The Court next addressed the issue of escalation damages. The landlord contended the lower court erred in failing to award escalation damages of either $400,000 or $650,000. The tenant argued that the lower court erred in awarding $81,000 based on a stipulation by the tenant pursuant to a motion for judgment at the close of the landlord’s proofs. The Court rejected both arguments. It held the lower court reasonably relied upon the expert testimony offered by the tenant’s accountant in calculating the court’s award of escalation damages. The Court cited testimony that the accountant had reviewed numerous documents in preparing his report, including an earlier audit, the lease, its amendments, and the financial statements prepared by the landlord’s accountants. The Court also found that the lower court reasonably relied upon the accountant’s “judgment call” when the landlord failed to present proofs of its escalation expenses for certain periods of time.
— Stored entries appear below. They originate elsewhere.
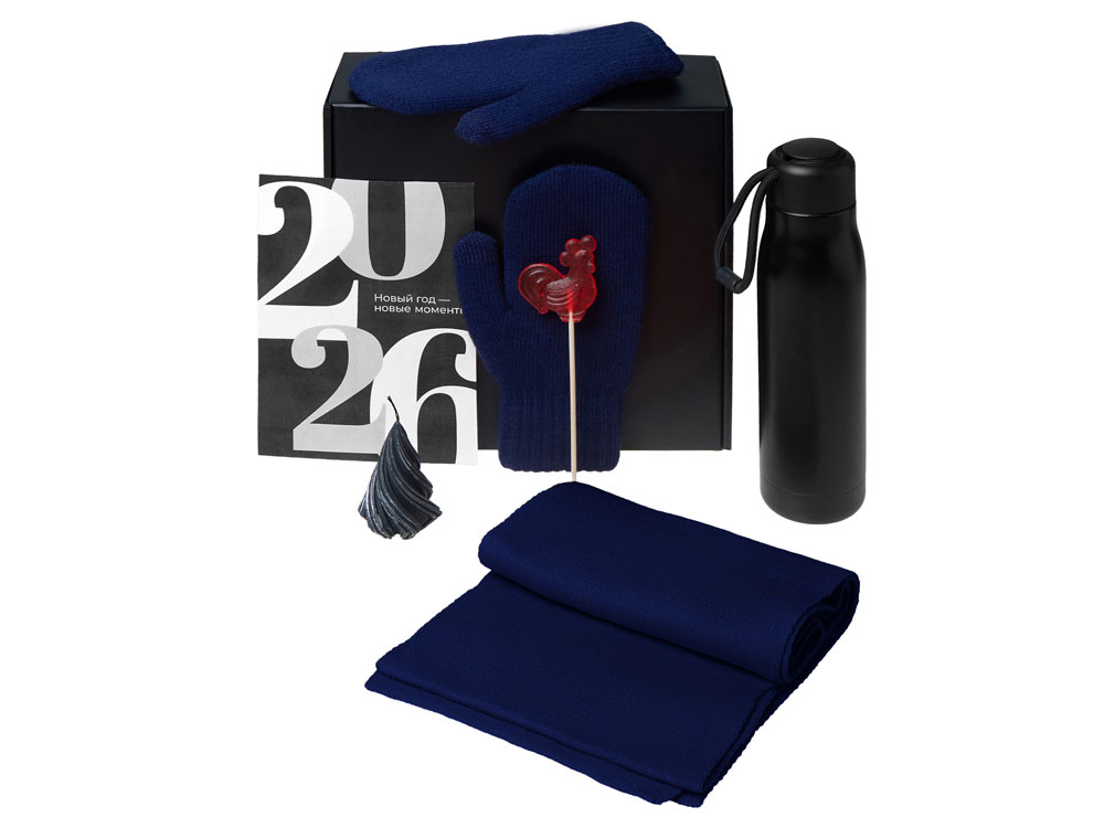 Подарочный набор с варежками, шарфом и термосом, темно-синий
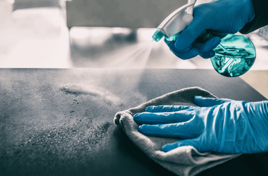 A person wearing blue gloves cleaning a desk with a spray bottle and cloth, surrounded by a calculator, coffee cup, and laptop, emphasizing the importance of maintaining a clean workspace.
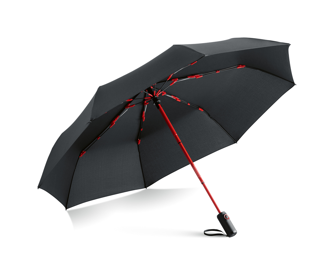 Bei diesem Taschenschirm in Übergröße kehrt die Farbe der Auslösetaste in den Gelenken und im mehrteiligen Stock wieder. Dank eines patentierten Systems ist der Stahlstock gegen Kratzer geschützt. Fiberglasschienen sorgen dafür, dass der Schirm sich nach dem Umschlagen durch zu starken Wind gleich wieder schließen und einsetzen lässt. Der Bezug besteht aus Polyester-Pongee. Bei der Herstellung dieses recycelten Stoffes wird bereits das Garn durchgefärbt, was den CO₂-Ausstoß senkt, Energie und Wasser spart.
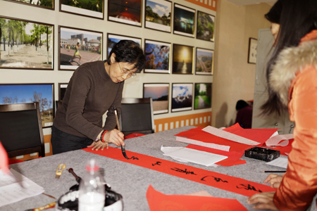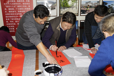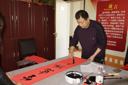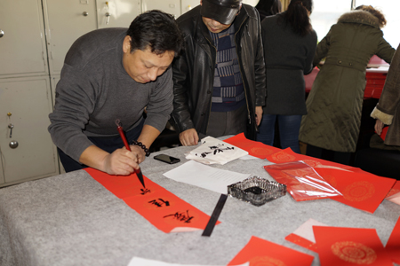 写春联、贴春联是我国春节的传统习俗,为了传承弘扬中华传统文化,营造喜庆祥和的新春氛围,建设文化财专,工会于2016年1月26日在“职工之家”组织开展了”迎新春送春联”志愿服务活动。特别邀请bat365有一定书法造诣教职工免费为大家书写对联。活动现场气氛异常火热,红幅铺展,书写者热情高涨,挥毫泼墨,妙句成双,笔锋回转,浓墨飘香。教职工看着书写的春联,一个个啧啧赞叹,“这字儿写得真好啊,现场书写的春联跟店里买的印刷春联感觉完全不同,现场写春联让人感觉年味更浓,学校组织开展这样的活动很有意义。”
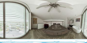 The internal staircase gives access to the loft above (currently used as a 2nd living room, but also suitable as a home office location) with an adjacent spacious roof terrace with beautiful views. In addition, this floor has its own kitchenette which is equipped with a sink, refrigerator and dishwasher and a spacious storage room and large dressing room. The loft is accessible via a staircase where the 3rd bedroom is located with en-suite bathroom, consisting of a spacious bath and a washbasin with mirror, toilet and a magnificent view.
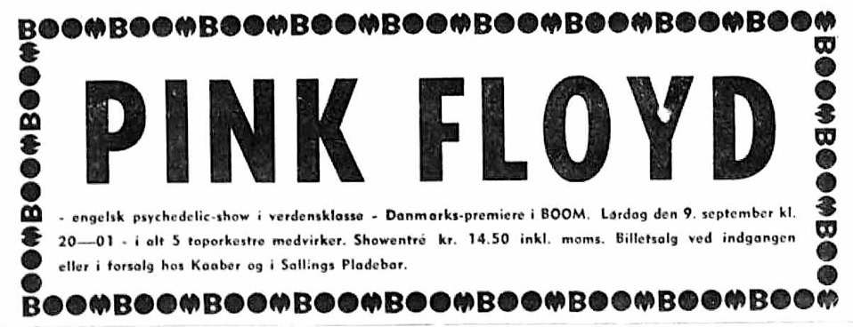 «The boom pop temple in Frederiksgade - was filled to the brink on Saturday night. More than 1,200 young Aarhusians attended the English psychedelic orchestra Pink Floyd's first concert on their Danish tour. This unofficial Festuge event clearly underlined what a large party of Aarhus youth are interested in. There have never been so many for a concert in Boom, and there were almost too many closed in.(...) However, the highlight of the concert was Pink Floyd in the first true psychedelic concert in Jutland. Their lighting effects were of amazing effect, color images pulsed on a white background, and in keeping with the monotone rhythms
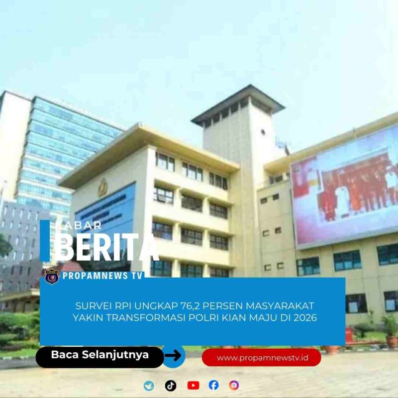 Jakarta, // PropamNewstv.id – Rumah Politik Indonesia (RPI) mempublikasikan hasil riset terbaru mengenai kinerja Kepolisian Republik Indonesia (Polri) melalui studi bertajuk Survei Nasional Optimisme Publik Terhadap Transformasi Budaya Polri. Dalam survei tersebut, mayoritas responden menyatakan keyakinannya bahwa Polri akan mengalami perbaikan signifikan pada tahun 2026.
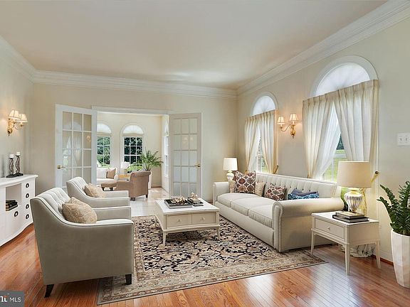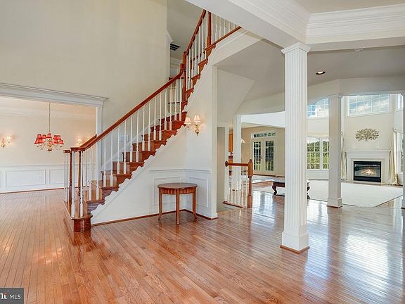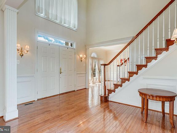 Incredible colonial style home located in River Downs golf course community! Featuring sun-drenched lofty windows, grand two-story foyer, stately columns, amazing tray ceilings, and gleaming hardwood floors! The living room is graced with crown molding and the formal dining room is highlighted with classic chair railing, crown molding, and box wainscoting; Eat-in kitchen is appointed with sleek stainless appliances, upgraded countertops, center island, double wall oven, ample cabinetry, breakfast bar, butler's pantry, planning station, and breakfast room with picturesque backyard views; The impressive two-story great room situated off the eat-in kitchen takes center stage with breathtaking soaring ceilings and fireplace allowing a touch of ambiance; Inviting sunroom with French doors, private office, laundry room, and powder room complete the main level; The primary bedroom is embellished with a sitting room, two walk-in closets, full bath with dual vanities, soaking tub, and separate glass-enclosed shower; Three additional bedrooms and two en-suite full baths conclude the upper level sleeping quarters; The exterior features , landscaped grounds, private expansive corner lot, backs to trees, and three-car attached garage. This remarkable property aims to please and is truly the embodiment of Maryland's good life! A MUST SEE!
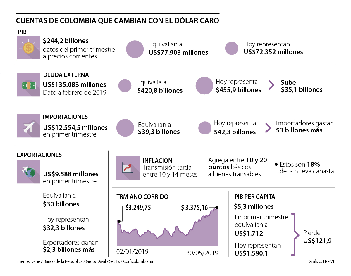 Este encarecimiento, que los analistas atribuyen a los choques externos que recibe la moneda en un periodo de descenso del petróleo, no solo afecta el bolsillo de los colombianos que viajarán al exterior o deben hacer pagos en la divisa, sino a varios indicadores de la economía nacional.
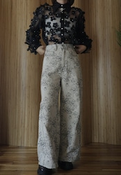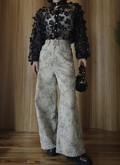 花柄ジャガードデニム ストレートパンツ/アイボリー
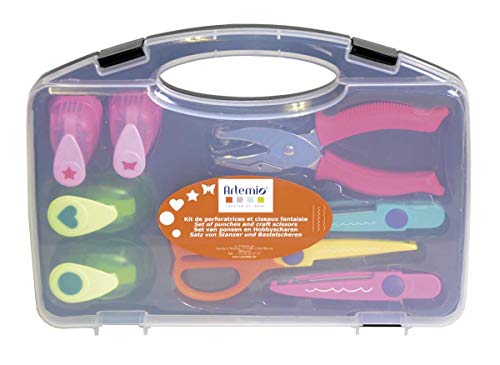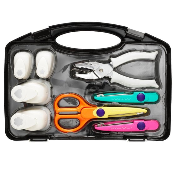 Praktiskt kit med figurstansar, mönstersaxar och håltagare för konfetti
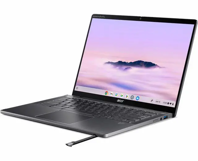 Lift. Flip. Spin. Plus More PowerPowered by the latest Intel Core Ultra 7 Processor the Acer Chromebook Plus Spin 714 is the embodiment of power and portability. A premium thin and light 2-in-1 convertible Chromebook for on-the-go study, work, or play. Your Style, Your WayCarry your work around in style with thin and light 2-in-1 convertible Chromebook made with durable aluminum chassis with a touch of luxury in gold. Precision with every strokeDraw with precision using the tile and pressure sensitive Active Stylus. Store and charge your stylus in the stylus garage without worrying about losing it.
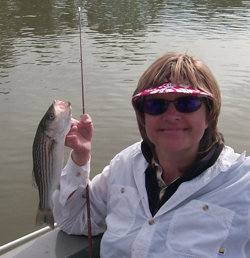 Cindy with striped Bass caught on the Napa River. Biggest fish of the trip.
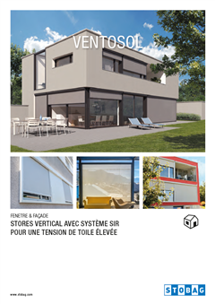 Le modèle STOBAG VENTOSOL VM720/3 est un store vertical avant et latéral utilisé comme extension des solutions existantes de terrasses. Il se caractérise par son design cubique et ses rails d'extrémité escamotables. Offrant une possibilité d'ombrage de grandes dimensions, le modèle est également disponible avec un moteur de détection d'obstacles en option.
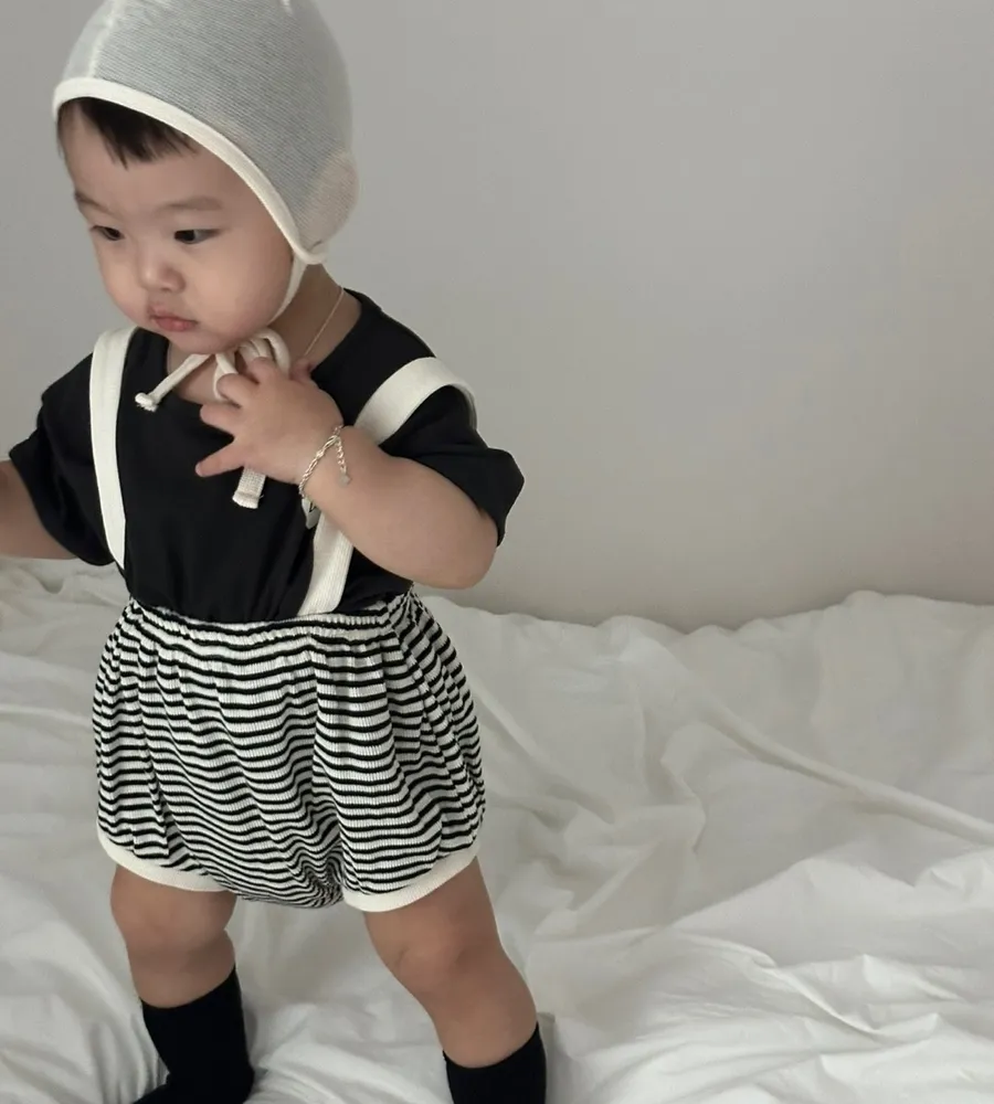 26'夏〡LalaLand〡條紋吊帶南瓜褲-bebe
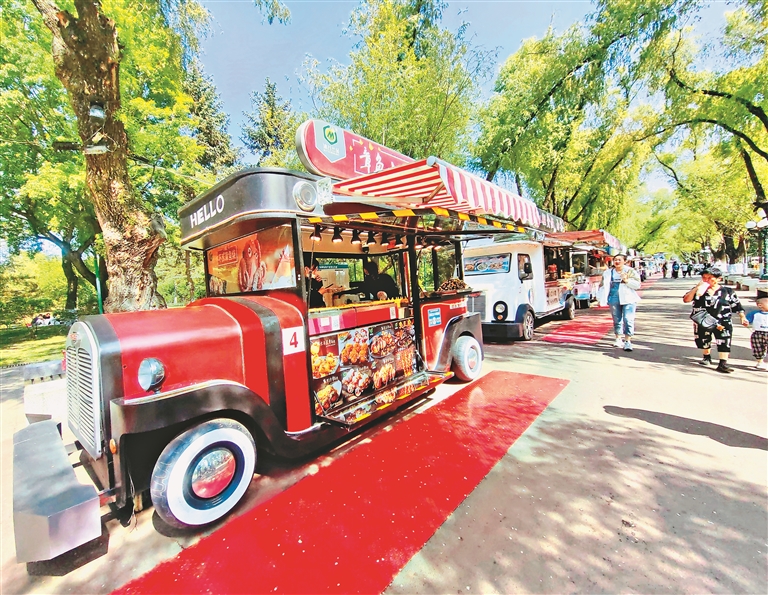 22日,哈尔滨市太阳岛公园内,20多辆美食车一字排开,车内销售的各种美食吸引了许多游人购买。烤鱿鱼、烤红肠、羊肉串、铁板烧等美食散发着诱人的香味;冰粉、冰淇淋、冷饮等为夏日里的人们带来更多清凉。这些美食车外形卡通十分可爱,其本身也成为了园内一道美丽风景。一位外地游客说,来太阳岛游玩不仅饱了眼福,还享了口福,真是不虚此行。
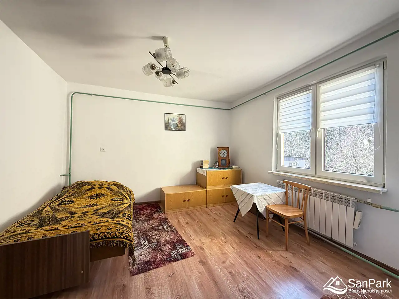 W ostatnim czasie wykonano gruntowne prace remontowe: wymieniono dach na nową blachę trapezową, wykonano nową elewację wraz z ociepleniem budynku oraz zamontowano nowe plastikowe okna. Odświeżone zostały również wnętrza pokoi – wymieniono panele podłogowe, wyrównano oraz pomalowano ściany i sufity. Łazienka do remontu, instalacja elektryczna miedziana. Wykonany nowy przyłącz energetyczny. Dom wyposażony jest w centralne ogrzewanie z piecem na paliwo stałe oraz aluminiowe kaloryfery. Na działce znajduje się drewniany budynek gospodarczy, który można zaadaptować na garaż. Teren działki jest lekko pochyły, a jej regularny kształt daje duże możliwości aranżacyjne.
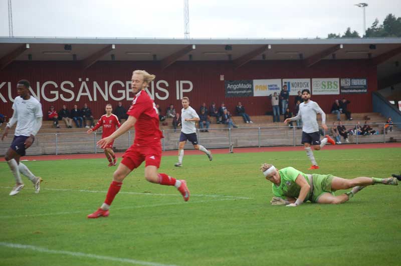 I den 32:a minuten kommer ett inlägg från vänster som Släggan Östlund på direktvolley skjuter mitt i solar plexus på KIF-Simon i målet och det inne i

Lastly, the Court held the lower court erred in its award of counsel fees to the landlord. The Court said that when an award of fees is contractually authorized, the award does not mechanically encompass the full fee charged, but is limited to what is reasonable under the circumstances. An initial question to be answered in determining if a counsel fee award is reasonable is whether the party seeking the fee prevailed in the litigation. The Court agreed with the tenant that the lower court, in awarding the full counsel fees requested by the landlord, did not account for the landlord’s limited success in its escalation fee award and its failure to prevail on its restoration fee claim. The Court ordered a remand on this issue and was of the view that, at the very least, the fees related to the failed restoration fee claim had to be reduced and that the lower court had to be mindful of the landlord’s limited recovery of its escalation claim.